The nameless figure — Winkelman said giving it a name might have made an already odd situation “almost too real” — arrived in six parts (legs, arms, torso and head) and the comedian snapped it together within 10 minutes of unboxing. Everything else about the show, though, has seemingly been years in the making.

“It dates as far back as college,” said Winkelman, who will perform a sold-out “Bad Listener” at Up Front at Shadowbox Live on Tuesday, Oct. 29 (a second staging is likely in December). “My senior year of college I studied drama, and the last project you do is a one-person show. And I left school before I could do it, with only a quarter left before graduation, because I was struggling with mental health and struggling with addiction. … This is a way for me to finish that on my own.”

“Bad Listener” started off as a joke, with Winkelman and friends going in circles, each person saying what their one-person show would be. When it got to Winkelman, the comedian cracked that her production would actually be “a one-mannequin show.” Gradually, though, this idea evolved from a silly pun to something more serious, with Winkelman portraying a handful of characters that have extended, one-sided conversations with the mannequin, which Winkelman described as the show's central character, making her a secondary player of sorts in her own one-woman staging.

“There have always been things I wanted to say that I didn't feel would fit my standup voice, and this gave me an opportunity to talk about those things — things that were either more serious or personal,” Winkelman said. “I'm still finding ways to make it funny, but I think there's something humorous about having a mannequin onstage, so that has helped guide me in being able to talk about some of these more serious things.

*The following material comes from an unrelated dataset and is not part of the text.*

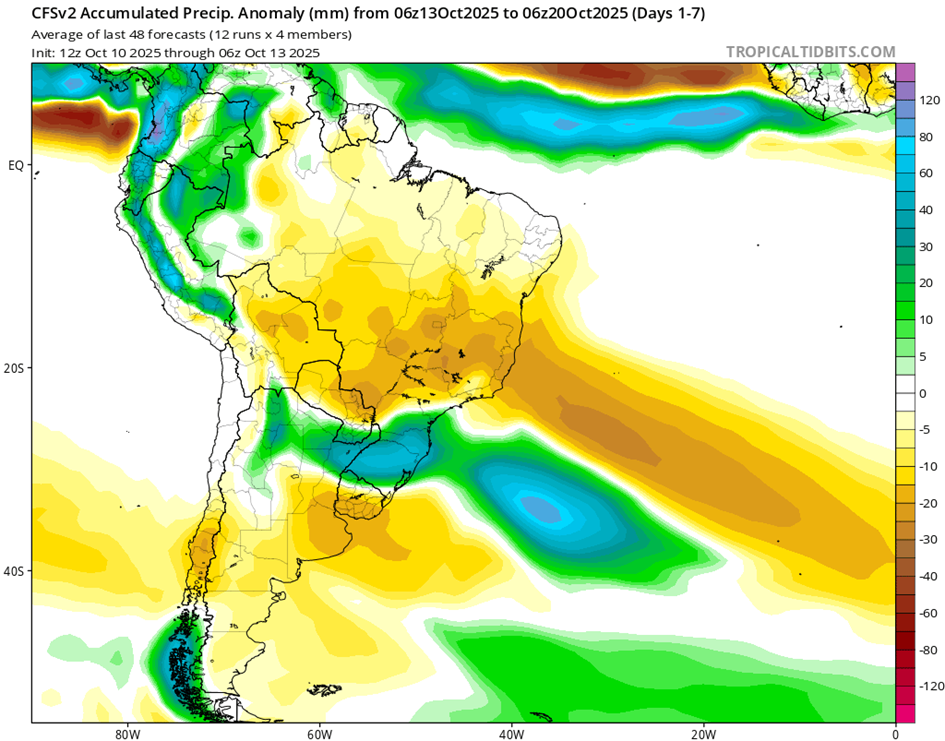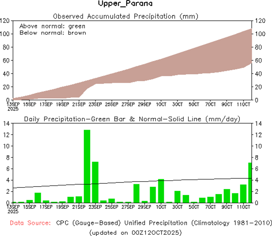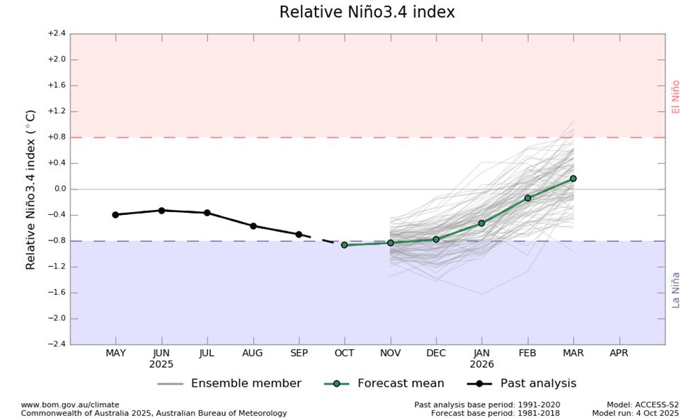 El fenómeno de El Niño-Oscilación del Sur (ENOS) se mantiene neutral. El último valor relativo del índice de temperatura superficial del mar (TSM) Niño3.4 para la semana que finalizó el 28 de septiembre de 2025 es de -0,80 °C. Los valores entre -0,8 °C y +0,8 °C se consideran neutrales respecto al ENOS, mientras que los valores sostenidos por debajo de -0,8 °C (durante al menos tres meses) se consideran indicativos de La Niña.

“I've struggled a lot with mental illness, and it's something I've always wanted to talk about more in my standup, because I think it's a good way to reach other people who struggle with it, but I've always had difficulties with making it funny, maybe because I'm not at a point in my life yet where it's funny to me, which makes it hard to find a way to make it funny to others. So this is a great way for me to talk about it in a personal way, but also sort of deflect from it feeling too personal, because I'm able to talk about it as a character rather than myself.”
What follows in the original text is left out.